- [Data for analysis]

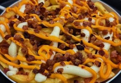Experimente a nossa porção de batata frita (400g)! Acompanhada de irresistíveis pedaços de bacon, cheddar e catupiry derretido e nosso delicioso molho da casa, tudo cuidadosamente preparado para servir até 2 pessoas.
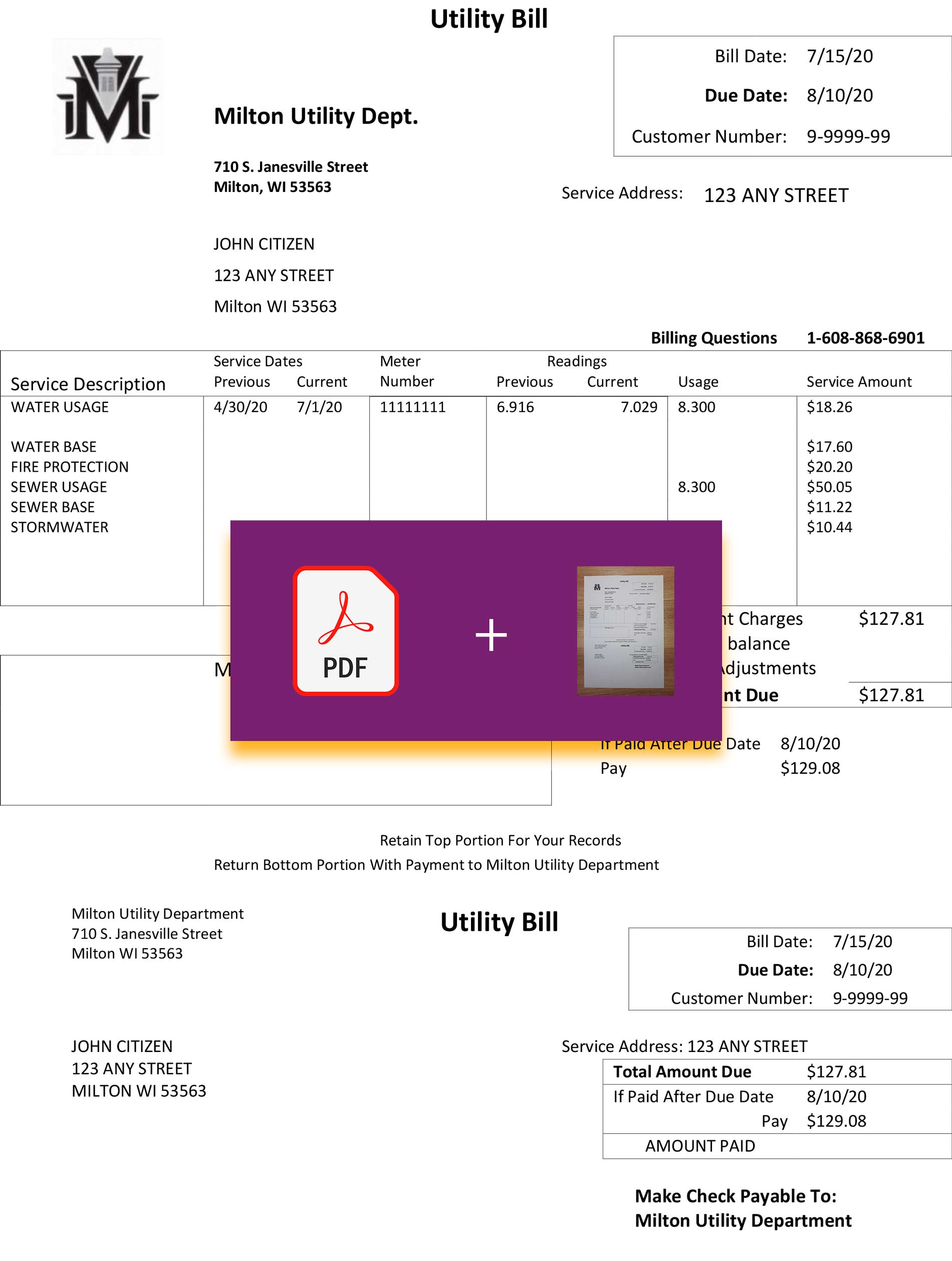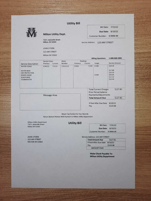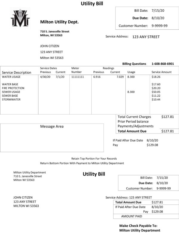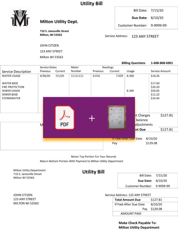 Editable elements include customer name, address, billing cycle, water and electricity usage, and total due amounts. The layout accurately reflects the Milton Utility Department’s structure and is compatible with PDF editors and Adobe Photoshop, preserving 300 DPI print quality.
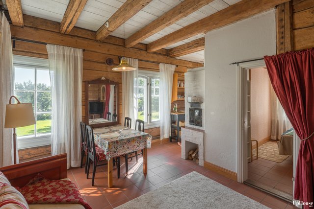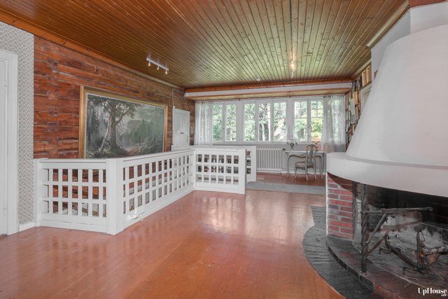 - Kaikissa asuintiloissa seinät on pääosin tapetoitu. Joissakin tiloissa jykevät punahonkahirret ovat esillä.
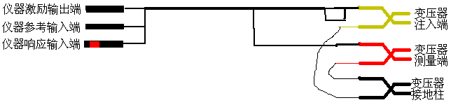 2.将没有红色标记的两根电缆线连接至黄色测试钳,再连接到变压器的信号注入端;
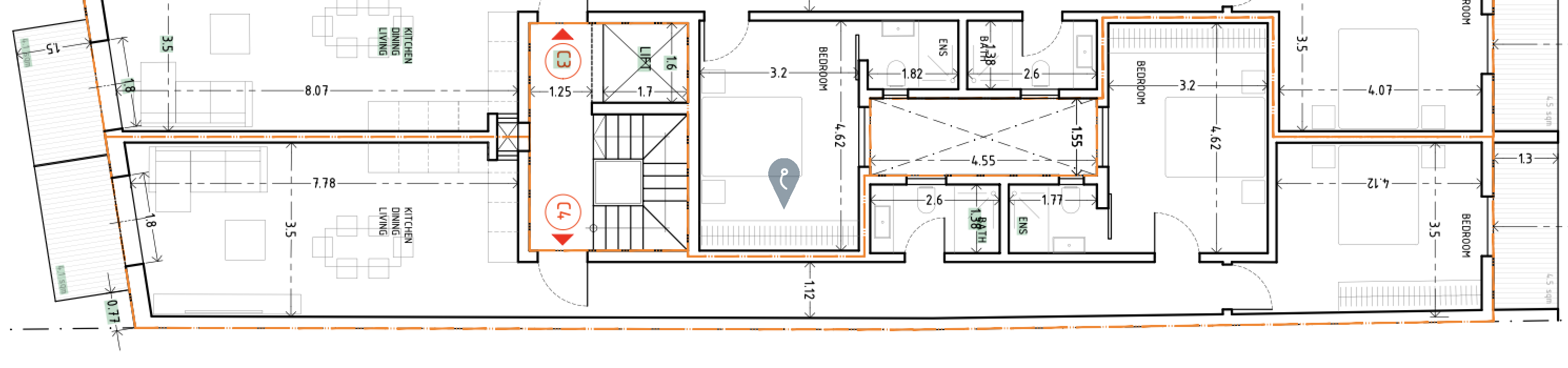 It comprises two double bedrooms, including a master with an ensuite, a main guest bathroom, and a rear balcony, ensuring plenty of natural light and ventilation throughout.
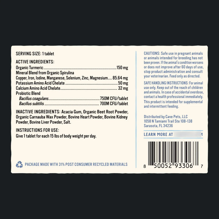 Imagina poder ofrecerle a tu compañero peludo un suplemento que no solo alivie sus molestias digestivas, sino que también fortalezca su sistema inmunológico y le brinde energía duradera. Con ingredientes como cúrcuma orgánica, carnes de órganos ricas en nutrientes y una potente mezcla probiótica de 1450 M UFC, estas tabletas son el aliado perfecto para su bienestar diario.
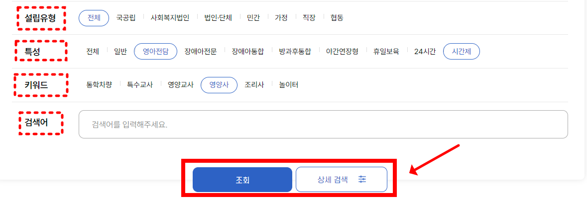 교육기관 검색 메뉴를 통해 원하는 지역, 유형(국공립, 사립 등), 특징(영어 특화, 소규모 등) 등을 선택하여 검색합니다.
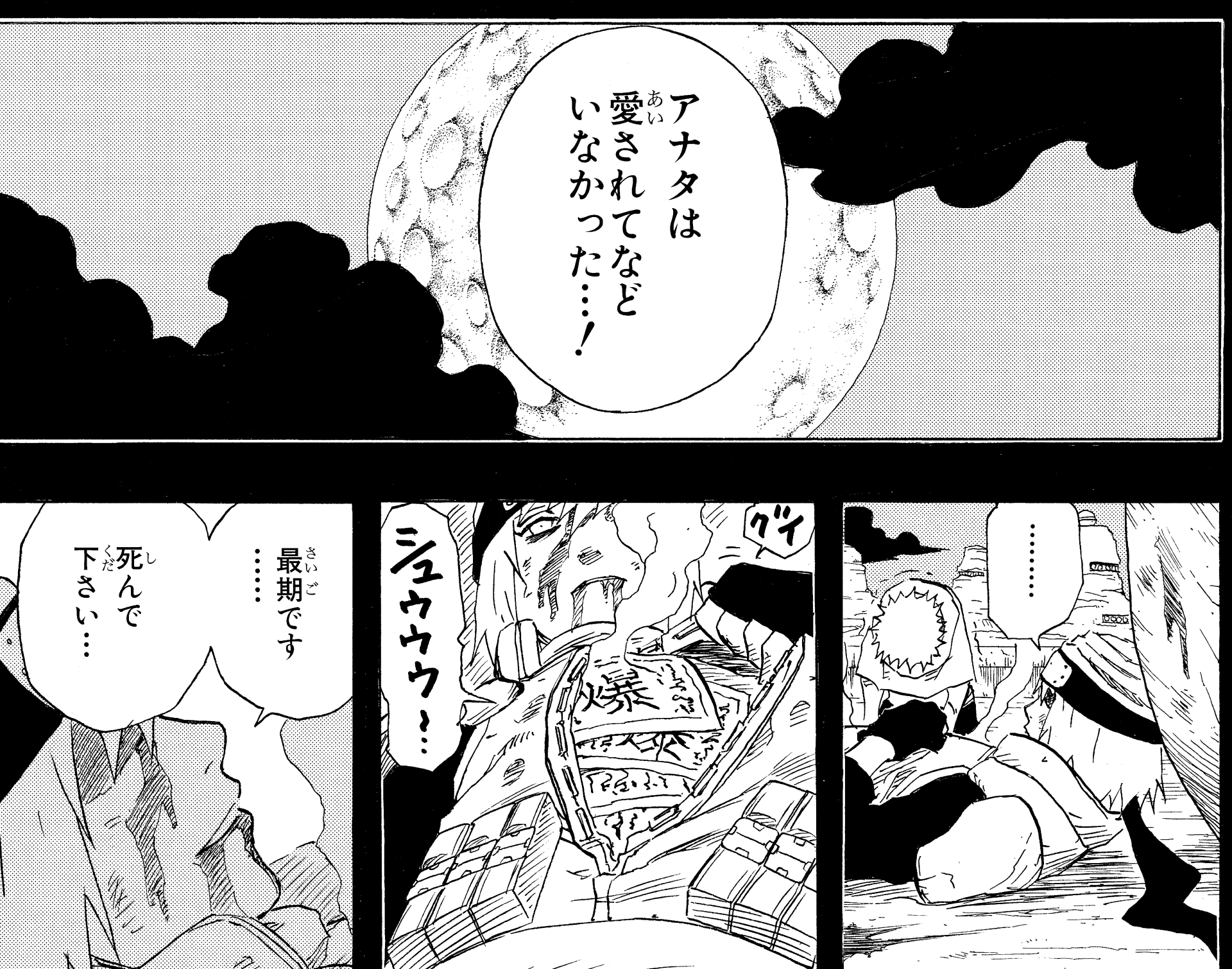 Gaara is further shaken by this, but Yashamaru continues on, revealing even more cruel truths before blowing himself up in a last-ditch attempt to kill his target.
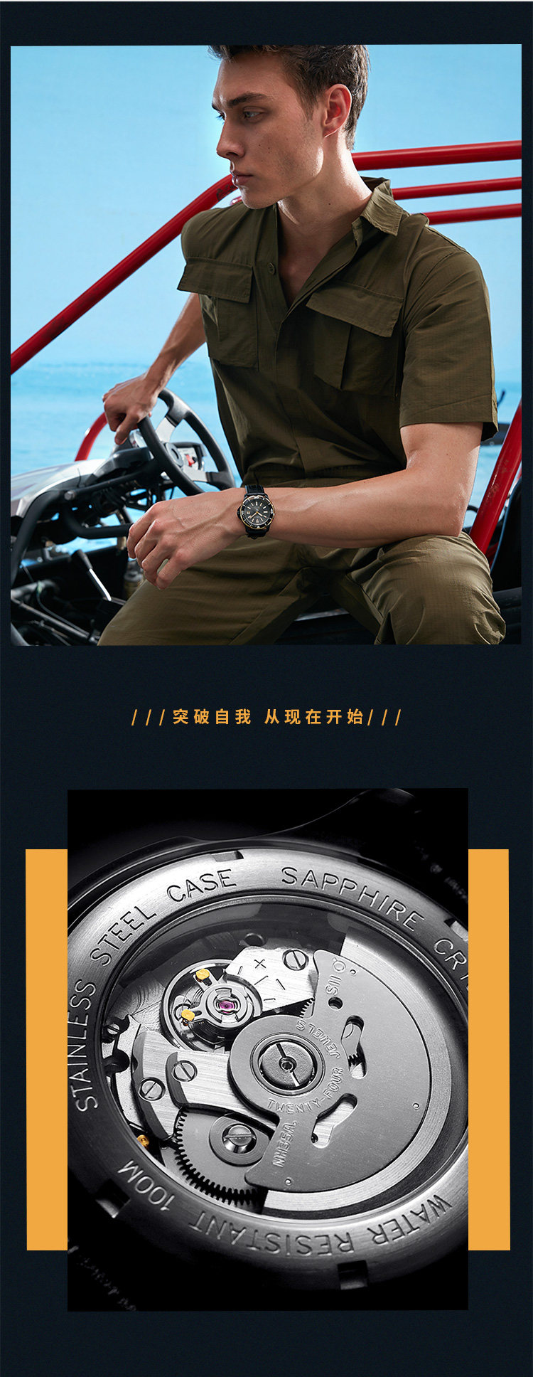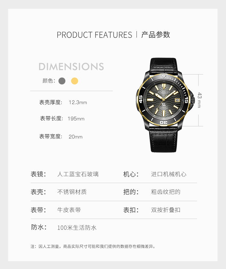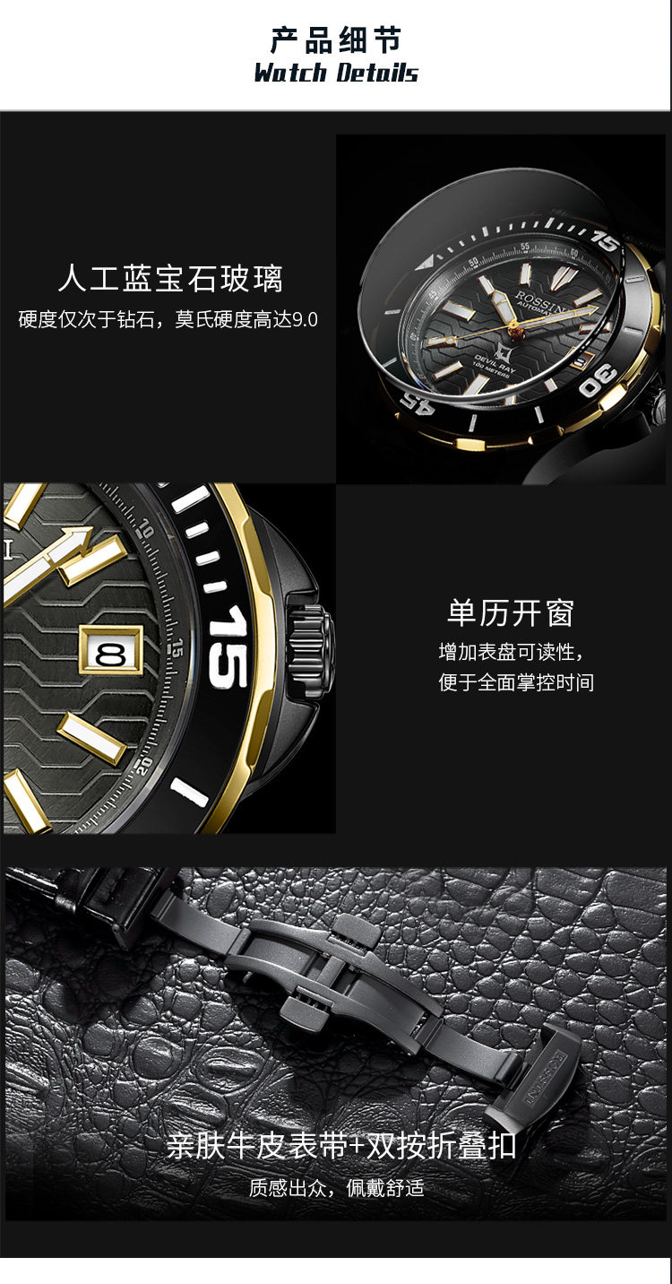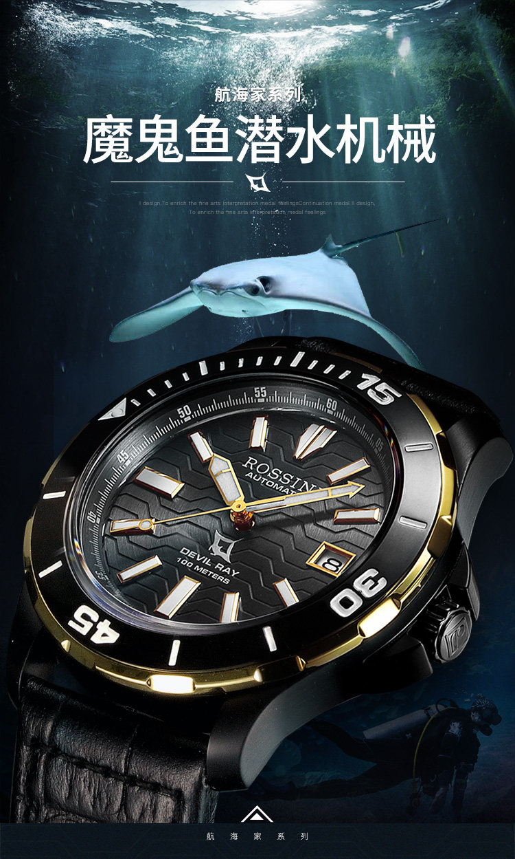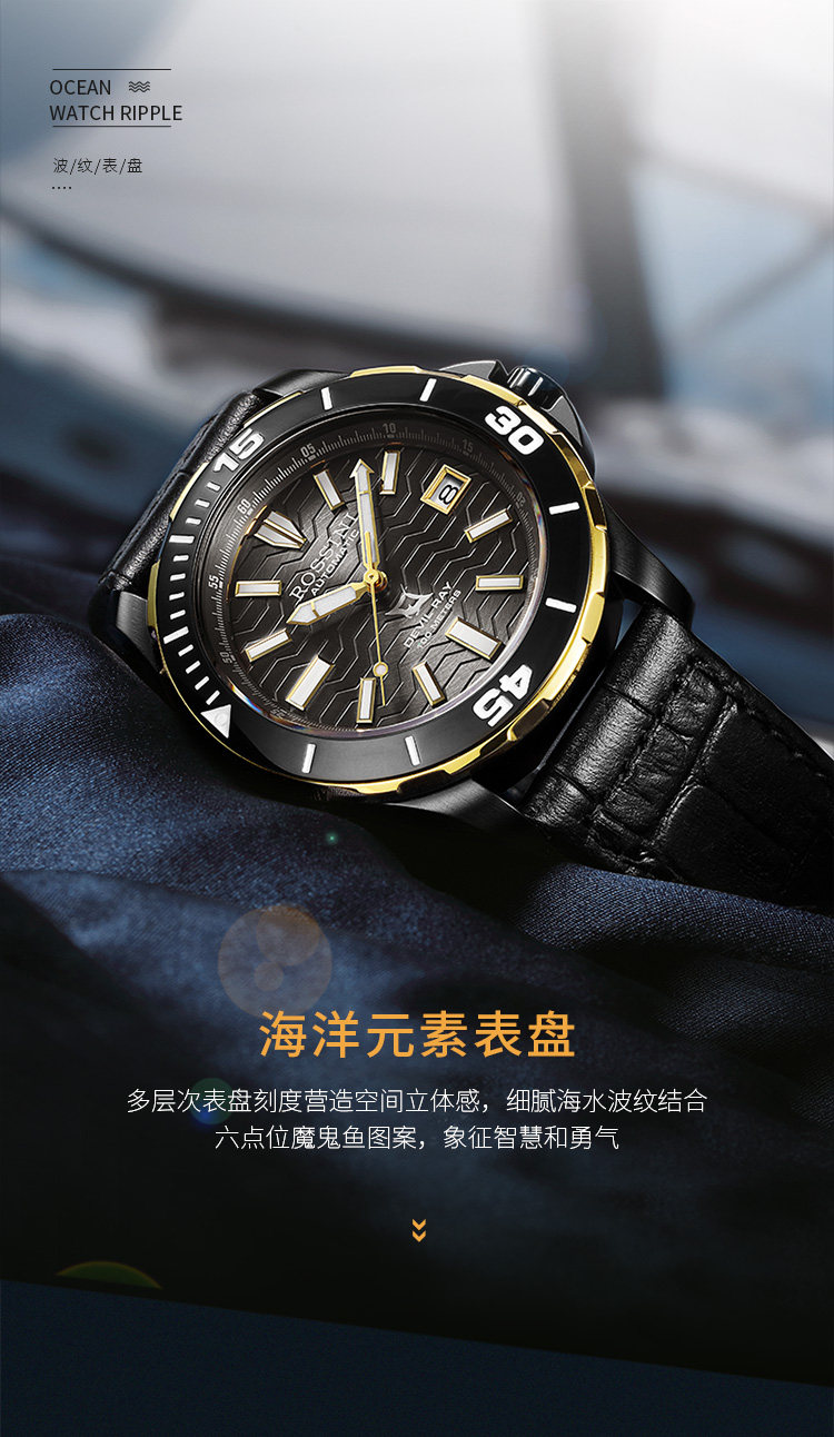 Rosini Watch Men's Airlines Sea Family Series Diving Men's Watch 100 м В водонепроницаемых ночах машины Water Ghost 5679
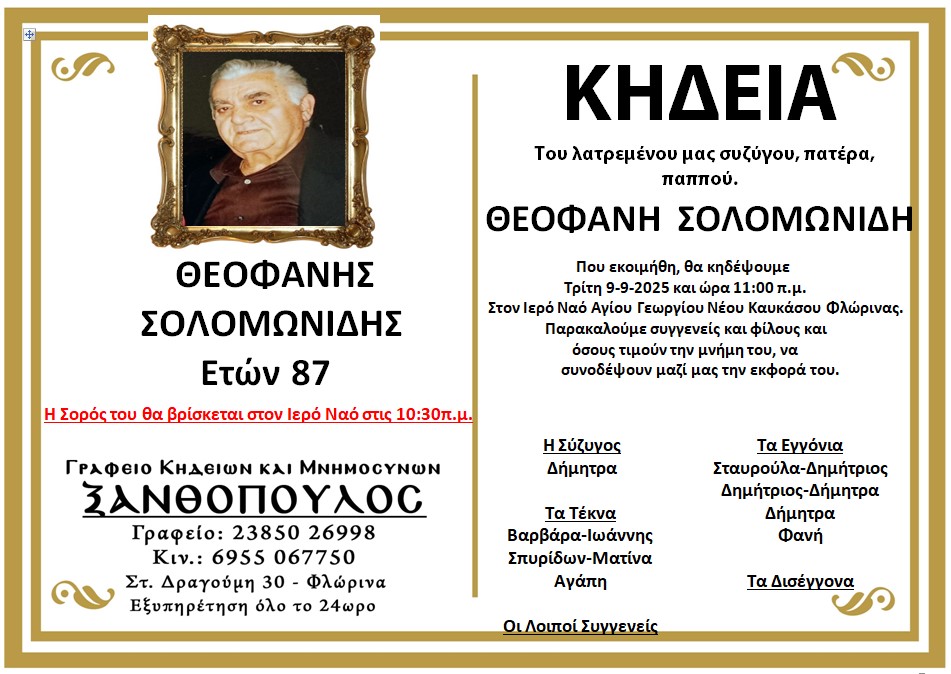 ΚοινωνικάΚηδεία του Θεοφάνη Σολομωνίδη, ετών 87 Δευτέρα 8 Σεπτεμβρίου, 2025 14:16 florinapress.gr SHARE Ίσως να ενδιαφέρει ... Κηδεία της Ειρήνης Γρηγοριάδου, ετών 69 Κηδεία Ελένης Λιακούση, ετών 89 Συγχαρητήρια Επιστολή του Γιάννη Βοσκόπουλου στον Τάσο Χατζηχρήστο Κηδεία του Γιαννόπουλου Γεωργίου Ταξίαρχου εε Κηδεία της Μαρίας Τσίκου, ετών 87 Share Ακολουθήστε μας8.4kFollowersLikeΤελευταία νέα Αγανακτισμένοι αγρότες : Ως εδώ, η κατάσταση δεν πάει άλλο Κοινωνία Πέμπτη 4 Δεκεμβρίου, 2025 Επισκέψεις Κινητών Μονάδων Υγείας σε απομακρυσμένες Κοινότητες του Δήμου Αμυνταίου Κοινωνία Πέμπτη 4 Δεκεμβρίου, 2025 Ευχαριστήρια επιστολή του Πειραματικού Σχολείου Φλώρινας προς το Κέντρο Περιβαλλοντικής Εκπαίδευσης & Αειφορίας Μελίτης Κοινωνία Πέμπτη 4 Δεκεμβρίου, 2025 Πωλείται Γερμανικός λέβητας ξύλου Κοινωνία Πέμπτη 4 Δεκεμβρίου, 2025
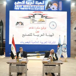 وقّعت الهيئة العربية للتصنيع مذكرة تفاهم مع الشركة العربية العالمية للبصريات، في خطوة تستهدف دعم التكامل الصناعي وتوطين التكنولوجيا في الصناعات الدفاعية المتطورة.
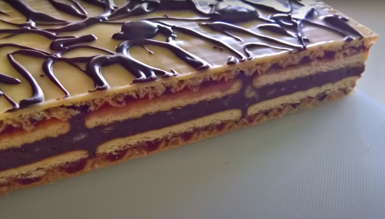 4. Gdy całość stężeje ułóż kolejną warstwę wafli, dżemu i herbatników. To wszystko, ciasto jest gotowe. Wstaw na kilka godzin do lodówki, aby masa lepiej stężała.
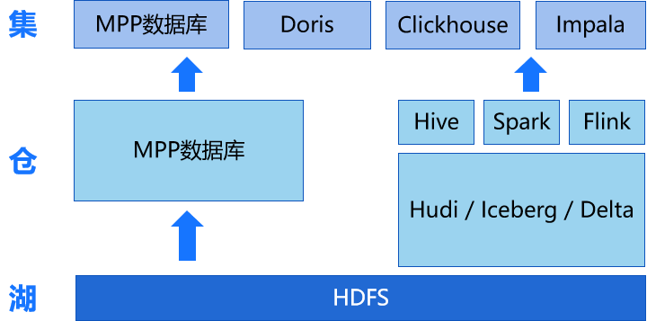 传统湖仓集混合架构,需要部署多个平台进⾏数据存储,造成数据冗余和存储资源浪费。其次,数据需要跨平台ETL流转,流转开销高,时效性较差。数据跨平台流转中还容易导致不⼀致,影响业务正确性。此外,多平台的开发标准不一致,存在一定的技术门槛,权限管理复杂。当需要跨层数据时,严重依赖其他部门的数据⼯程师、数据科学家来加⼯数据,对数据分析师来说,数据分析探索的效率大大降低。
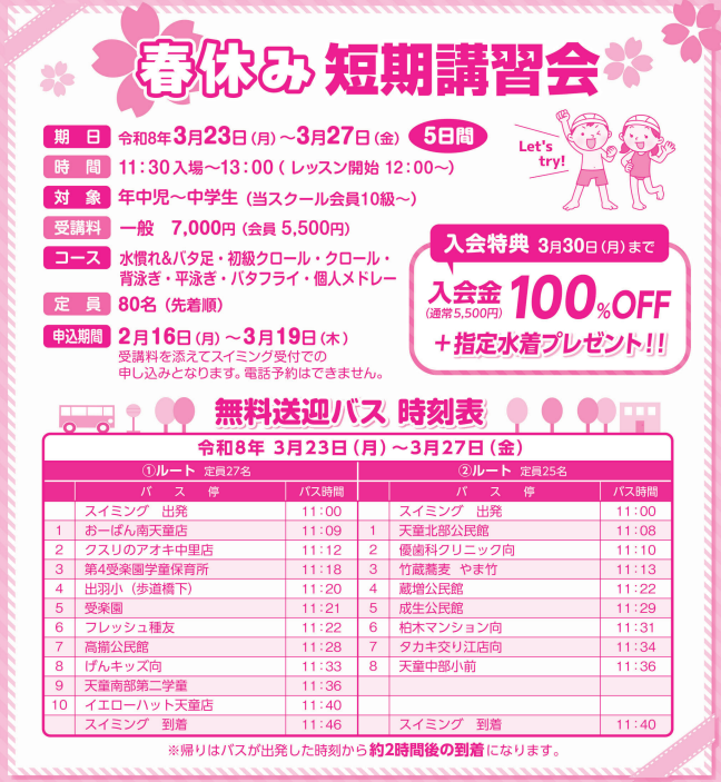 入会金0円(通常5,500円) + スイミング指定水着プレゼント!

- [Task description] Nothing but the lines from the start of the records through the line holding "Imagina poder ofrecerle" should be printed, exactly as written and with the pictures left out.

- [Your solution]
Experimente a nossa porção de batata frita (400g)! Acompanhada de irresistíveis pedaços de bacon, cheddar e catupiry derretido e nosso delicioso molho da casa, tudo cuidadosamente preparado para servir até 2 pessoas.
 Editable elements include customer name, address, billing cycle, water and electricity usage, and total due amounts. The layout accurately reflects the Milton Utility Department’s structure and is compatible with PDF editors and Adobe Photoshop, preserving 300 DPI print quality.
 - Kaikissa asuintiloissa seinät on pääosin tapetoitu. Joissakin tiloissa jykevät punahonkahirret ovat esillä.
 2.将没有红色标记的两根电缆线连接至黄色测试钳,再连接到变压器的信号注入端;
 It comprises two double bedrooms, including a master with an ensuite, a main guest bathroom, and a rear balcony, ensuring plenty of natural light and ventilation throughout.
 Imagina poder ofrecerle a tu compañero peludo un suplemento que no solo alivie sus molestias digestivas, sino que también fortalezca su sistema inmunológico y le brinde energía duradera. Con ingredientes como cúrcuma orgánica, carnes de órganos ricas en nutrientes y una potente mezcla probiótica de 1450 M UFC, estas tabletas son el aliado perfecto para su bienestar diario.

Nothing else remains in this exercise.